INPUT MATERIAL START

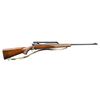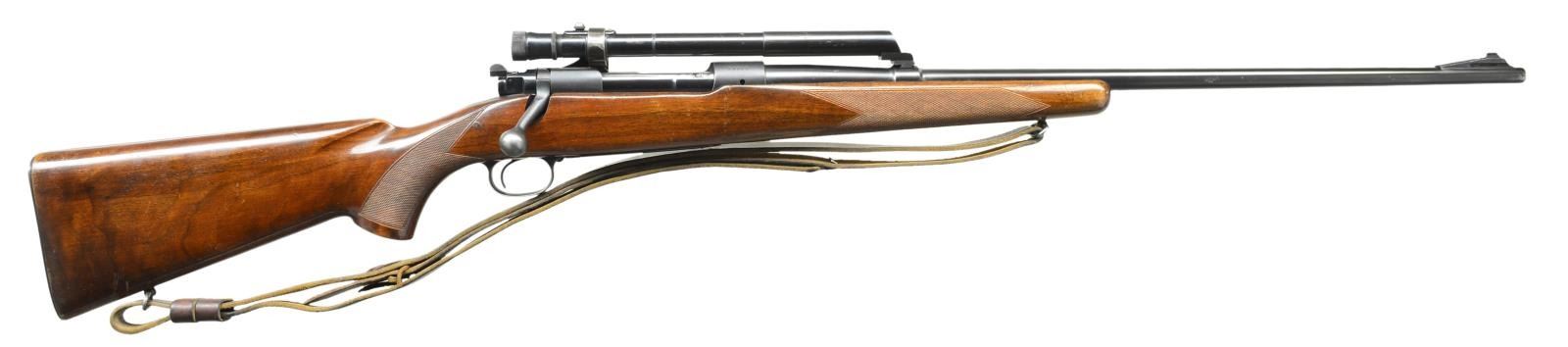 RIFLE. Cal. 300 Magnum (300 H&H Mag.). S# 44942. Bbl. 26" w/ ramp mounted bead front sight. Early Weaver 330 3/4" tube scope w/ post reticle held in M.L. Stith mts. using the rear sight dovetail & factory receiver sight mounting holes. Action has Pre War features including first style safety & cloverleaf tang. Bolt body numbered to rifle. Straight comb checkered walnut stock w/ checkered steel buttplate having original style military sling & swivels. Mfg. 1942. CONDITION: over 90% original blue showing light muzzle & bottom metal wear w/ scattered scratches on bbl. Original stock finish shows areas of wear w/ numerous scratches & handling marks. Left side of stock is notched for receiver sight clearance. Bright bore w/ sharp rifling. (21-4156/DS). CURIO. $1,750-2,500.
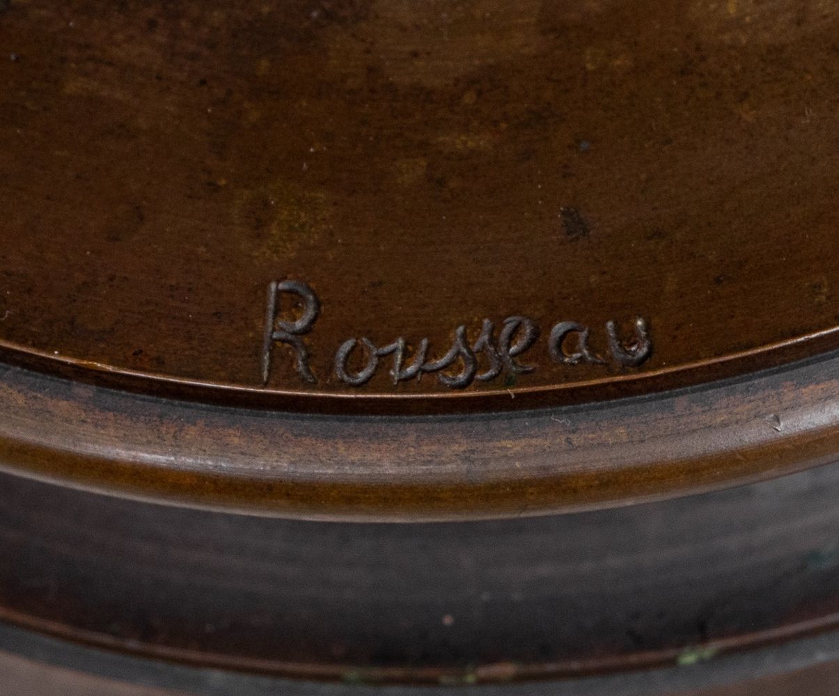 Victor Rousseau (Belgian, 1865-1954) "Cupid", Patinated Bronze Sculpture, early 20th century, the standing draped figure blowing a kiss, on a circular plinth, signed. 26" H x 8.5" W x 8.5" D. Keywords: Belgian Art, Neoclassical, Statue, Bronzier, Love, Cherub, Putti, Winged, Child, Continental School, Decorative Arts
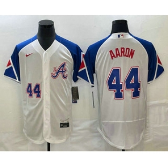 Men's Atlanta Braves #44 Hank Aaron White 2023 City Connect Flex Base Stitched Jersey
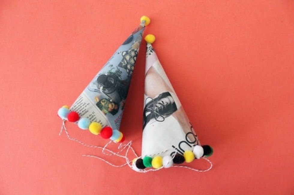 Turn newspaper into party hats by rolling it into cones. Use tape to secure and then add pom poms or trim using hot glue. Excellent!
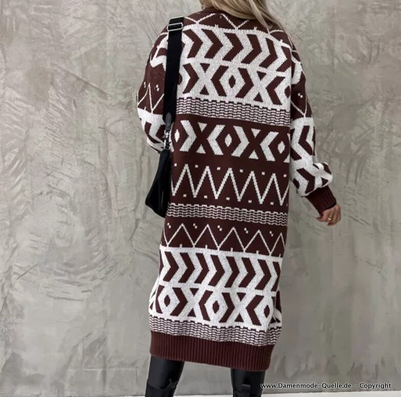 Lange Strickjacke Herbst Frühling Cardigan in Braun Weiß
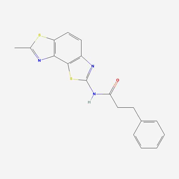 InChI: InChI=1/C18H15N3OS2/c1-11-19-16-14(23-11)9-8-13-17(16)24-18(20-13)21-15(22)10-7-12-5-3-2-4-6-12/h2-6,8-9H,7,10H2,1H3,(H,20,21,22)/f/h21H
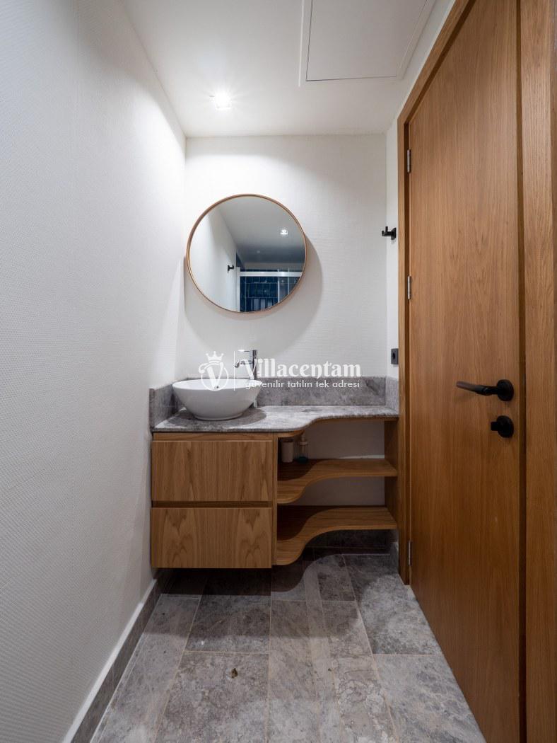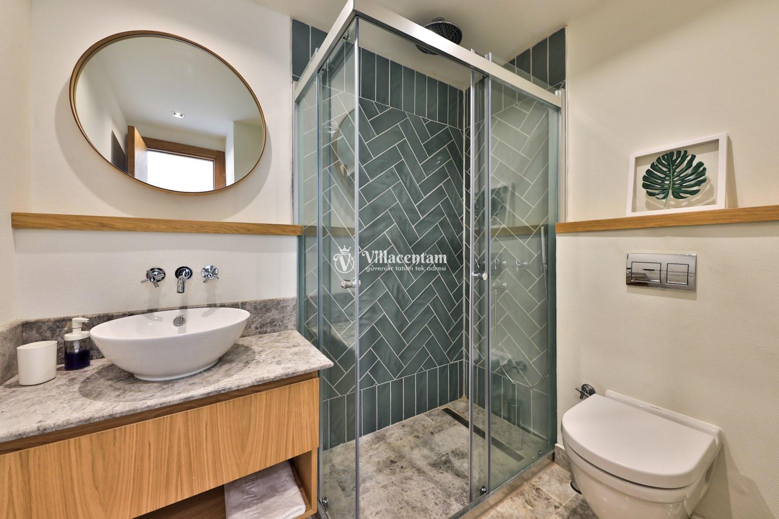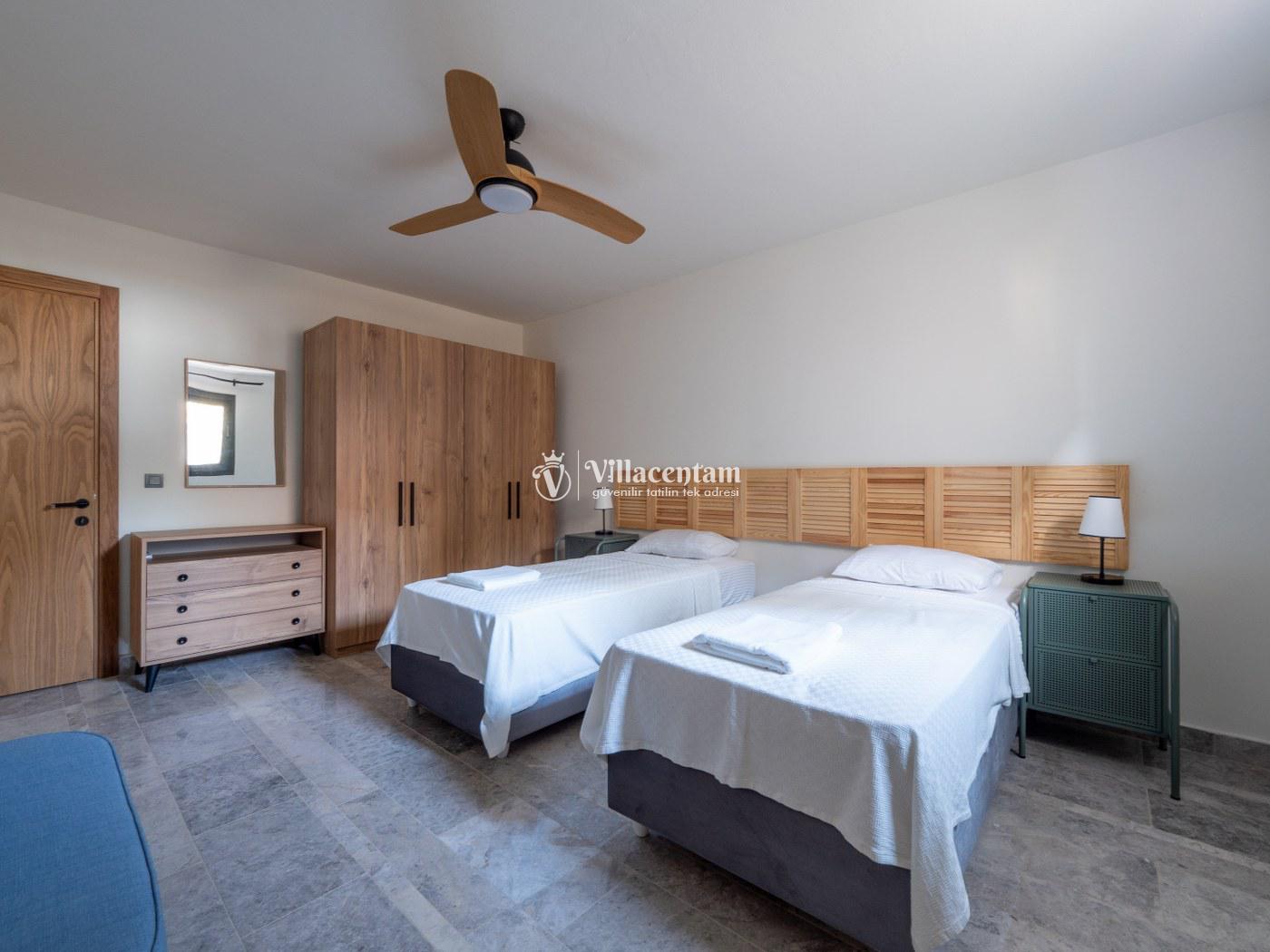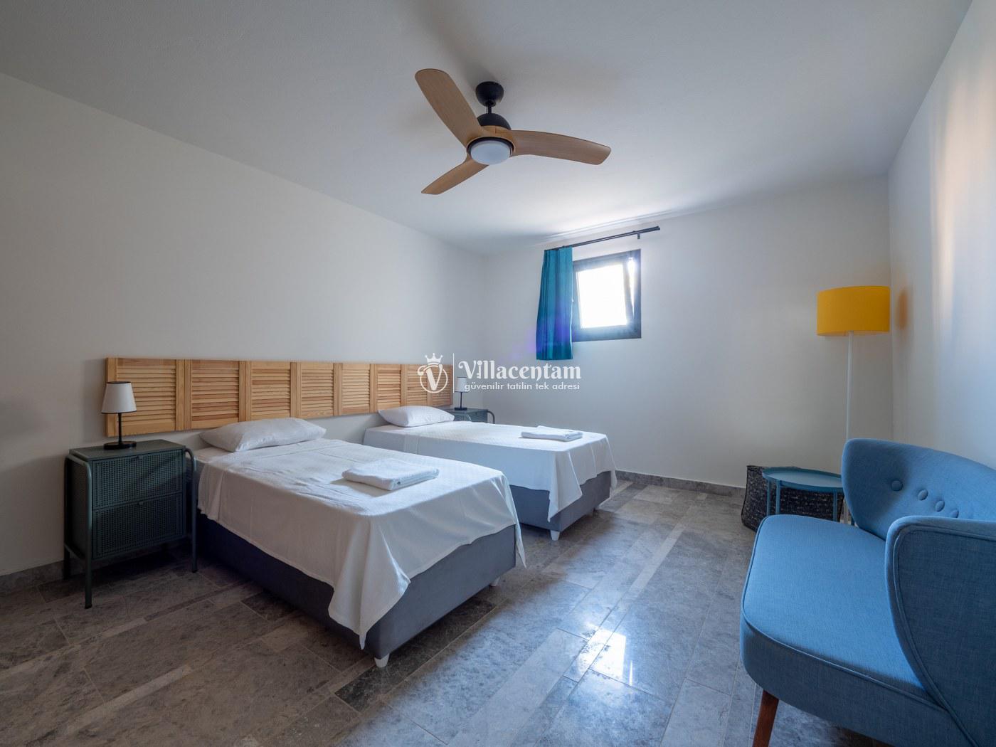 *Villalarda sıcak su için güneş enerjili su ısıtma sistemleri kullanılmaktadır. Çok yoğun sıcak su kullanımında, yoğunluğa ve su tankının büyüklüğüne bağlı olarak su tankında sıcak su tükenebilmekte ve tekrar suyun ısınması için belirli bir süre geçmesi gerekmektedir. Bu not sadece bu villa ile ilgili değil, tüm villalarımız için geçerli bir durumdur.
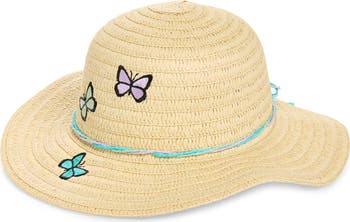 This straw floppy hat features bright embroidered butterflies and a braided back-tie band for a breezy, sun-shading staple your kiddo will love.
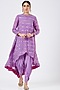 Featuring a purple kurta in georgette base with embroidery. It is paired with a matching dhoti in crepe base and an inner.
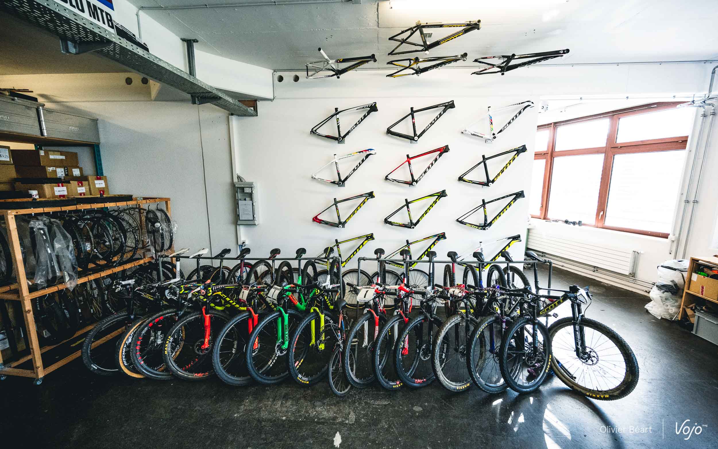 Certains vélos sont au domicile de Nino, d’autres au QG de Scott à Givisiez, mais le gros de la mémoire des machines roulées par le « G.O.A.T » (Greatest Of All Times) est conservé ici, pile entre le stock de pièces neuves du team et l’atelier où sont préparées les dernières machines de l’équipe. En tout, il y a ici plus d’une trentaine de vélos et cadres au pédigrée impressionnant.
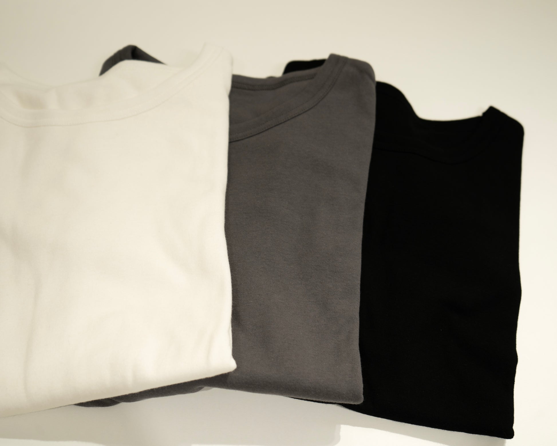 一般的なカットソー生地で使用されている糸よりも細く非常に繊細な100番手の強撚糸を使用することで、柔らかくて繊細なタッチ、しっかりと丈夫な作りに。
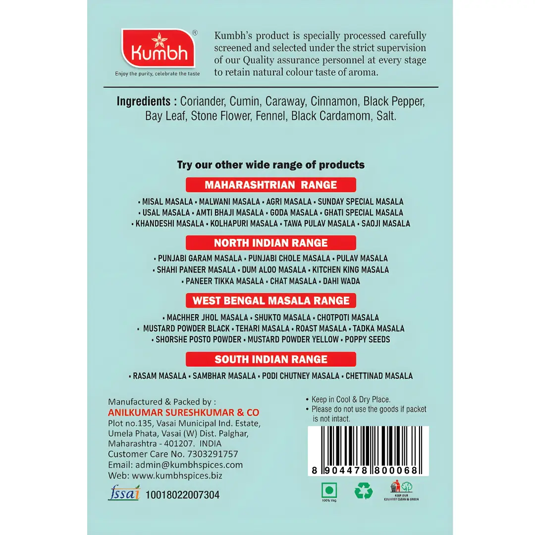 Kumbh Ghati Masala Powder is made with carefully selected 10 aromatic and quality spices. Use it to make a hot and spicy recipes. It is a versatile spice blend which can be used to make Aloo Bonda, Samosa to Chickpea (Chana/Chole) Curry to non-vegeterian gravy roasts.You may be required to use very little quantity of this masala in your food preparations. This is mainly used in Maharashtrian/Marathi Foods
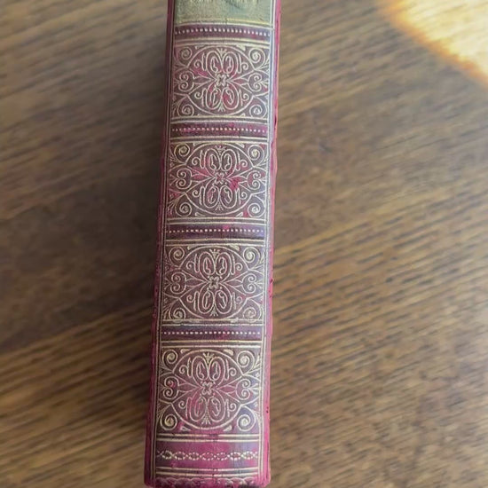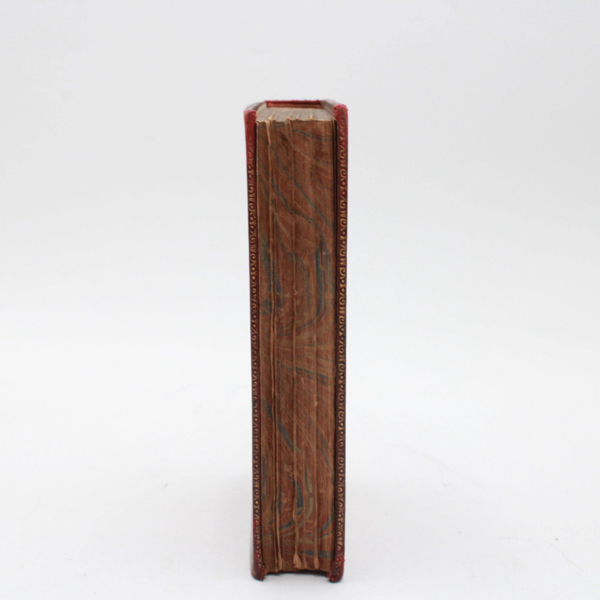 The volume is in generally good condition, the spine is showing major fading to the title plate and leather. The red leather boards showing some minor scuffs and slight darkening on the front, consistent with age and handling. The gilt crest and decorative borders remain bright, though there is some rubbing to the spine’s gilt compartments. Internally, scattered foxing is visible—particularly on the preliminary pages—but the text is otherwise clean and clearly legible. The hinges and binding are solid, indicating that the book has been well preserved, and the marbled endpapers retain their vibrant colors, lending an appealing visual touch to this historical prize volume.
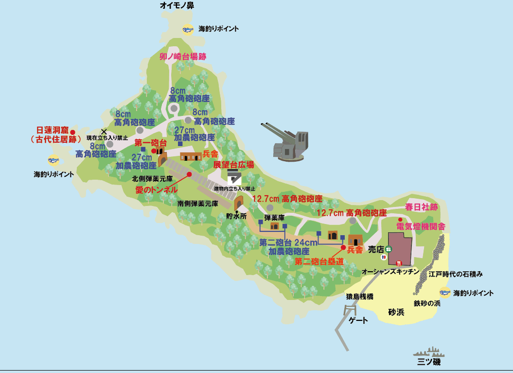 島内には明治時代の煉瓦造の掩蔽部(ルビ:えんぺいぶ)や弾薬庫、隧道などが良好に残っており、東京湾要塞跡として国の史跡に指定、日本遺産の構成文化財にも認定されています。
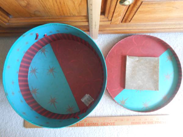 Lot of 2 gift, storage or hat boxes with lids. The Christmas box is in very good condition. The brown cardboard box is in fair condition. Smoke free, pet free home.
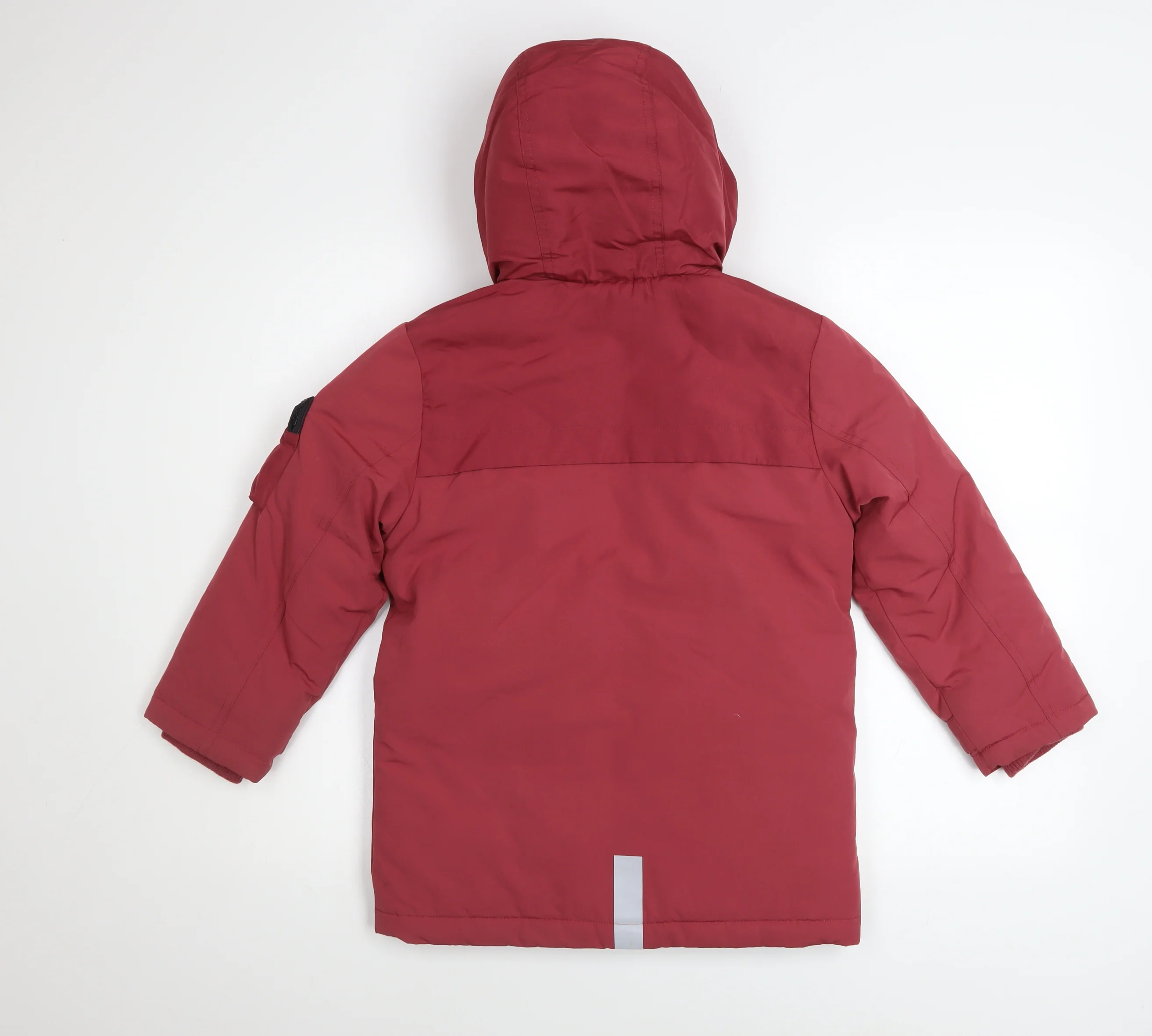Marks and Spencer Boys Red Hooded Parka Coat 6-7 Years Padded Winter Jacket
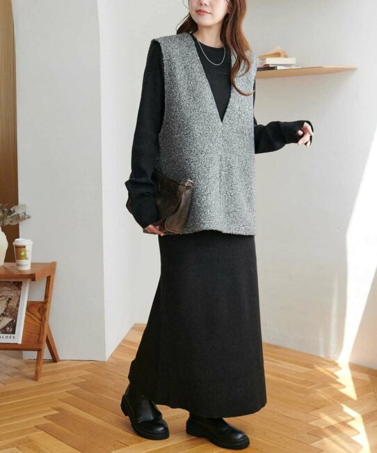 シンプルなリブニットにジレを重ねるだけで、立体感のある着こなしに。

INPUT MATERIAL END

### [THE TASK]
Omit every picture while copying the listing above exactly.

### [ANSWER SECTION]
 RIFLE. Cal. 300 Magnum (300 H&H Mag.). S# 44942. Bbl. 26" w/ ramp mounted bead front sight. Early Weaver 330 3/4" tube scope w/ post reticle held in M.L. Stith mts. using the rear sight dovetail & factory receiver sight mounting holes. Action has Pre War features including first style safety & cloverleaf tang. Bolt body numbered to rifle. Straight comb checkered walnut stock w/ checkered steel buttplate having original style military sling & swivels. Mfg. 1942. CONDITION: over 90% original blue showing light muzzle & bottom metal wear w/ scattered scratches on bbl. Original stock finish shows areas of wear w/ numerous scratches & handling marks. Left side of stock is notched for receiver sight clearance. Bright bore w/ sharp rifling. (21-4156/DS). CURIO. $1,750-2,500.
 Victor Rousseau (Belgian, 1865-1954) "Cupid", Patinated Bronze Sculpture, early 20th century, the standing draped figure blowing a kiss, on a circular plinth, signed. 26" H x 8.5" W x 8.5" D. Keywords: Belgian Art, Neoclassical, Statue, Bronzier, Love, Cherub, Putti, Winged, Child, Continental School, Decorative Arts
 Men's Atlanta Braves #44 Hank Aaron White 2023 City Connect Flex Base Stitched Jersey
 Turn newspaper into party hats by rolling it into cones. Use tape to secure and then add pom poms or trim using hot glue. Excellent!
 Lange Strickjacke Herbst Frühling Cardigan in Braun Weiß
 InChI: InChI=1/C18H15N3OS2/c1-11-19-16-14(23-11)9-8-13-17(16)24-18(20-13)21-15(22)10-7-12-5-3-2-4-6-12/h2-6,8-9H,7,10H2,1H3,(H,20,21,22)/f/h21H
 *Villalarda sıcak su için güneş enerjili su ısıtma sistemleri kullanılmaktadır. Çok yoğun sıcak su kullanımında, yoğunluğa ve su tankının büyüklüğüne bağlı olarak su tankında sıcak su tükenebilmekte ve tekrar suyun ısınması için belirli bir süre geçmesi gerekmektedir. Bu not sadece bu villa ile ilgili değil, tüm villalarımız için geçerli bir durumdur.
 This straw floppy hat features bright embroidered butterflies and a braided back-tie band for a breezy, sun-shading staple your kiddo will love.
 Featuring a purple kurta in georgette base with embroidery. It is paired with a matching dhoti in crepe base and an inner.
 Certains vélos sont au domicile de Nino, d’autres au QG de Scott à Givisiez, mais le gros de la mémoire des machines roulées par le « G.O.A.T » (Greatest Of All Times) est conservé ici, pile entre le stock de pièces neuves du team et l’atelier où sont préparées les dernières machines de l’équipe. En tout, il y a ici plus d’une trentaine de vélos et cadres au pédigrée impressionnant.
 一般的なカットソー生地で使用されている糸よりも細く非常に繊細な100番手の強撚糸を使用することで、柔らかくて繊細なタッチ、しっかりと丈夫な作りに。
 Kumbh Ghati Masala Powder is made with carefully selected 10 aromatic and quality spices. Use it to make a hot and spicy recipes. It is a versatile spice blend which can be used to make Aloo Bonda, Samosa to Chickpea (Chana/Chole) Curry to non-vegeterian gravy roasts.You may be required to use very little quantity of this masala in your food preparations. This is mainly used in Maharashtrian/Marathi Foods
 The volume is in generally good condition, the spine is showing major fading to the title plate and leather. The red leather boards showing some minor scuffs and slight darkening on the front, consistent with age and handling. The gilt crest and decorative borders remain bright, though there is some rubbing to the spine’s gilt compartments. Internally, scattered foxing is visible—particularly on the preliminary pages—but the text is otherwise clean and clearly legible. The hinges and binding are solid, indicating that the book has been well preserved, and the marbled endpapers retain their vibrant colors, lending an appealing visual touch to this historical prize volume.
 島内には明治時代の煉瓦造の掩蔽部(ルビ:えんぺいぶ)や弾薬庫、隧道などが良好に残っており、東京湾要塞跡として国の史跡に指定、日本遺産の構成文化財にも認定されています。
 Lot of 2 gift, storage or hat boxes with lids. The Christmas box is in very good condition. The brown cardboard box is in fair condition. Smoke free, pet free home.
Marks and Spencer Boys Red Hooded Parka Coat 6-7 Years Padded Winter Jacket
 シンプルなリブニットにジレを重ねるだけで、立体感のある着こなしに。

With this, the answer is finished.